▶ Assignment:
All of the listing must be given again exactly, except that the images are dropped.

▶ Input:
########################################

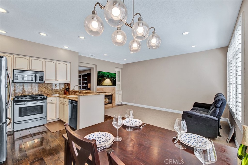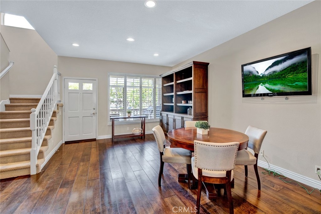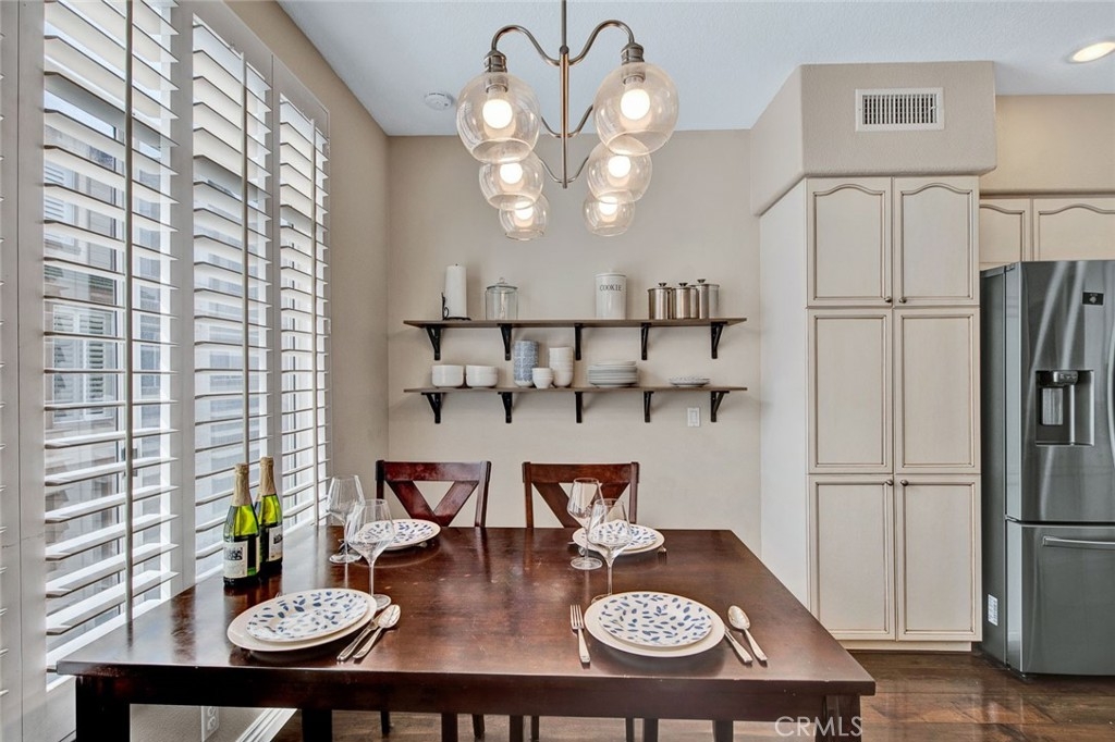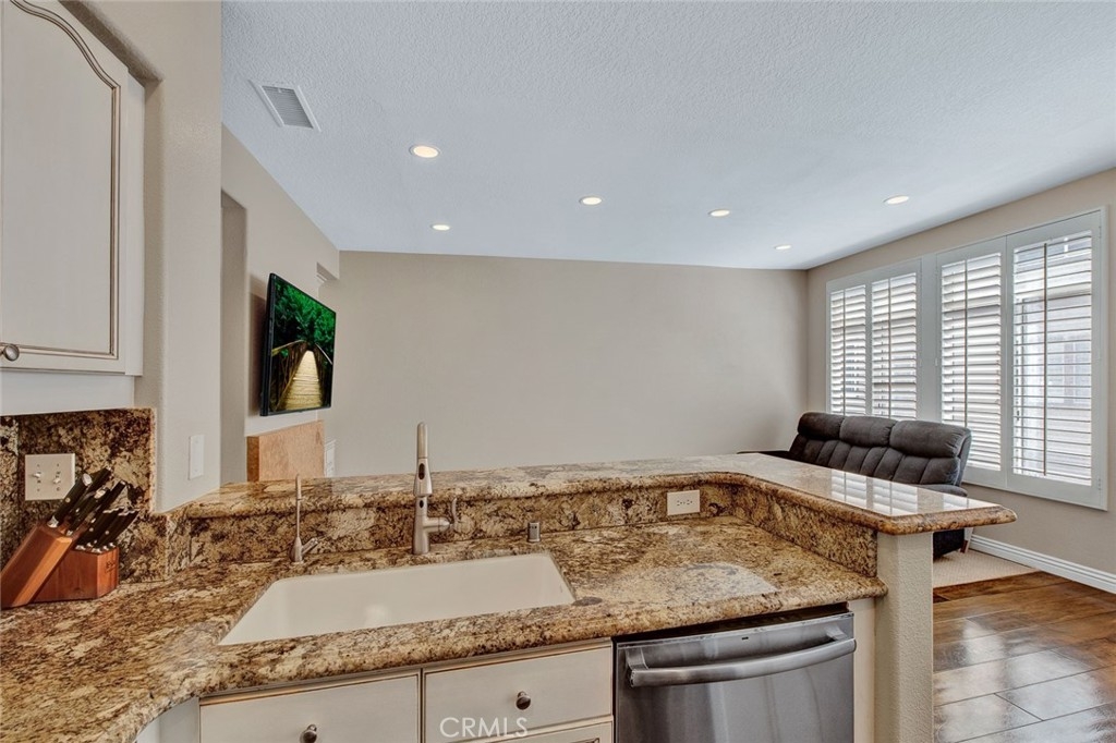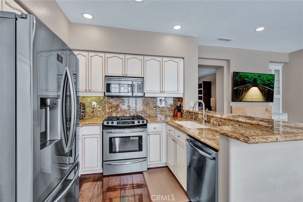 Fantastic 2 bedroom/2.5 bathroom floor plan in beautiful gated community! Very upgraded light & bright STUNNING HOME! Spacious living room w/marble fireplace. Gorgeous kitchen w/granite counters, breakfast counter, upgraded fixtures, water softener/purification system, stainless dishwasher, pantry & recessed lighting. Kitchen opens to family room w/nice built-in media niche & second marble fireplace. Custom wood flooring, plantation shutters & skylight. Downstairs 1/2 bathroom has granite counters & Kohler toilet. 3 car tandem garage w/Lift-master door opener, new semi-gloss paint, custom work bench & shelves, cabinetry, extra lighting & storage closet. Upstairs dual master bedrooms w/attached bathrooms. Master bedroom #1 has walk-in closet & custom nook. Attached master bathroom w/beautiful travertine, dual sinks, stone counters, shower & soaking tub, separate toilet room, shutters & linen cabinet. Second master bedroom has custom paint, mirrored closet door & attached bathroom w/custom cabinetry, granite counters, upgraded lighting, fixtures & Kohler toilet. Lennox HVAC unit! Pride of ownership! Enjoy 2 community pools & spas, clubhouse. Close to Grijalva park, Chapman University, shopping & more!
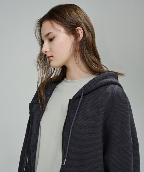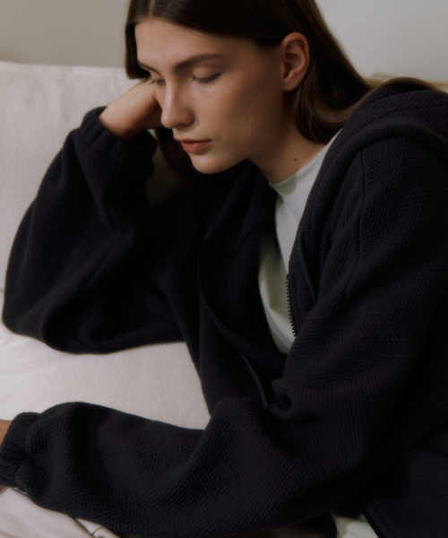 -적당히 크롭한 기장에 밑단은 밴딩 처리되어 블루종 되는 스타일로 전형적인 후디 자켓보다는 스타일리시하며 활동하기에도 편안합니다.
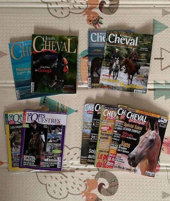Lot de 11 revues équitation / magazine cheval : - 2 sports équestres de 2011 - 5 cheval pratique de 2003,2004,2006 - 2 randonné à cheval de 2011 - 2 jours de cheval de 2014 L’état des magazines et aléatoire mais tout reste lisible. N’hésitez pas à me demander pour avoir plus de détails sur les numéros et les mois.
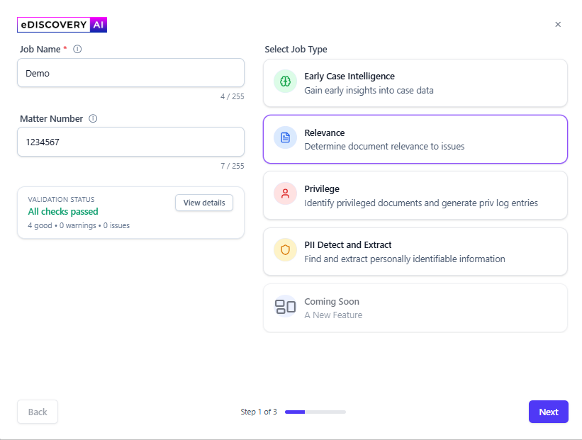 submitted to eDiscovery AI you can monitor the progress and work with the
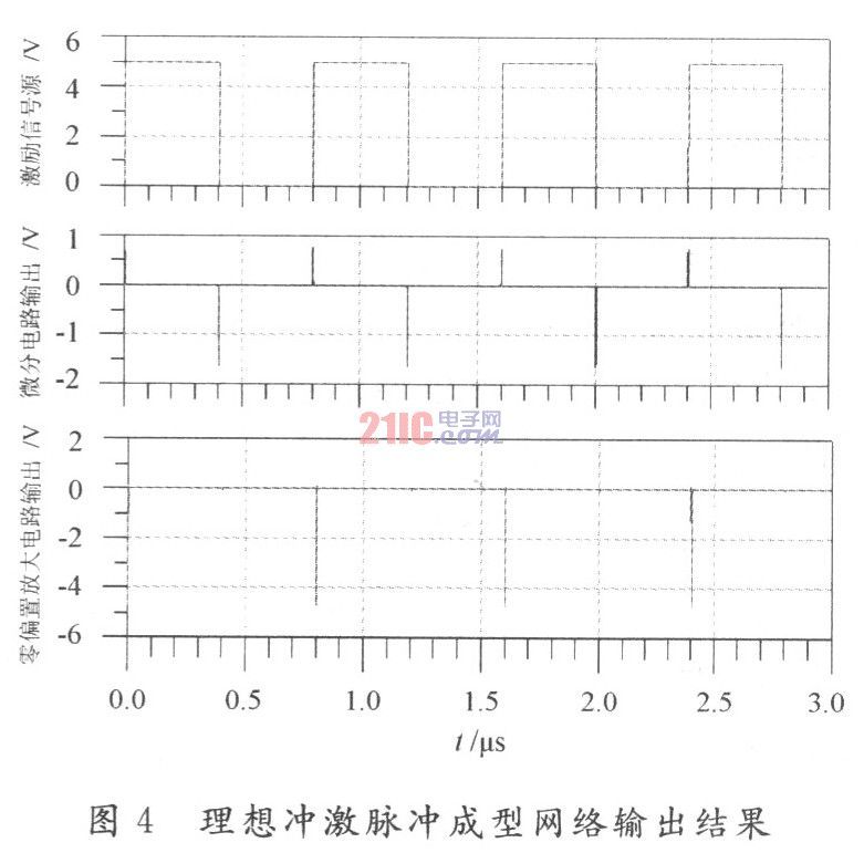 推导出R2=1 kΩ,R4=1 kΩ。再将阻值带回偏置电路中,得到静态工作点为IBB=14.96 μA,Ic=23.77μA,VBE=534.1 mV,VCE=4.976 V。理想冲激脉冲成型网络的各级输出如图4所示。
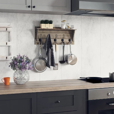 When space is at a premium vertical storage is essential to keep things neat and tidy as well as adding great style to your entryway, bedroom, or bathroom. This wall mounted storage shelf, featuring 5 rustic double hooks capable of holding up to 10 pounds allows you to hang your keys, umbrellas, or bags on the lower part and coats, scarves, or hand towels on the upper section. This mounted shelf is comprised of solid pine wood and boasts sturdy, inlayed hanging hardware and included screws and wall anchors allow you to have your new wall decor up and ready to go in 30 minutes or less.

########################################

▶ Answer to this problem:
 Fantastic 2 bedroom/2.5 bathroom floor plan in beautiful gated community! Very upgraded light & bright STUNNING HOME! Spacious living room w/marble fireplace. Gorgeous kitchen w/granite counters, breakfast counter, upgraded fixtures, water softener/purification system, stainless dishwasher, pantry & recessed lighting. Kitchen opens to family room w/nice built-in media niche & second marble fireplace. Custom wood flooring, plantation shutters & skylight. Downstairs 1/2 bathroom has granite counters & Kohler toilet. 3 car tandem garage w/Lift-master door opener, new semi-gloss paint, custom work bench & shelves, cabinetry, extra lighting & storage closet. Upstairs dual master bedrooms w/attached bathrooms. Master bedroom #1 has walk-in closet & custom nook. Attached master bathroom w/beautiful travertine, dual sinks, stone counters, shower & soaking tub, separate toilet room, shutters & linen cabinet. Second master bedroom has custom paint, mirrored closet door & attached bathroom w/custom cabinetry, granite counters, upgraded lighting, fixtures & Kohler toilet. Lennox HVAC unit! Pride of ownership! Enjoy 2 community pools & spas, clubhouse. Close to Grijalva park, Chapman University, shopping & more!
 -적당히 크롭한 기장에 밑단은 밴딩 처리되어 블루종 되는 스타일로 전형적인 후디 자켓보다는 스타일리시하며 활동하기에도 편안합니다.
Lot de 11 revues équitation / magazine cheval : - 2 sports équestres de 2011 - 5 cheval pratique de 2003,2004,2006 - 2 randonné à cheval de 2011 - 2 jours de cheval de 2014 L’état des magazines et aléatoire mais tout reste lisible. N’hésitez pas à me demander pour avoir plus de détails sur les numéros et les mois.
 submitted to eDiscovery AI you can monitor the progress and work with the
 推导出R2=1 kΩ,R4=1 kΩ。再将阻值带回偏置电路中,得到静态工作点为IBB=14.96 μA,Ic=23.77μA,VBE=534.1 mV,VCE=4.976 V。理想冲激脉冲成型网络的各级输出如图4所示。
 When space is at a premium vertical storage is essential to keep things neat and tidy as well as adding great style to your entryway, bedroom, or bathroom. This wall mounted storage shelf, featuring 5 rustic double hooks capable of holding up to 10 pounds allows you to hang your keys, umbrellas, or bags on the lower part and coats, scarves, or hand towels on the upper section. This mounted shelf is comprised of solid pine wood and boasts sturdy, inlayed hanging hardware and included screws and wall anchors allow you to have your new wall decor up and ready to go in 30 minutes or less.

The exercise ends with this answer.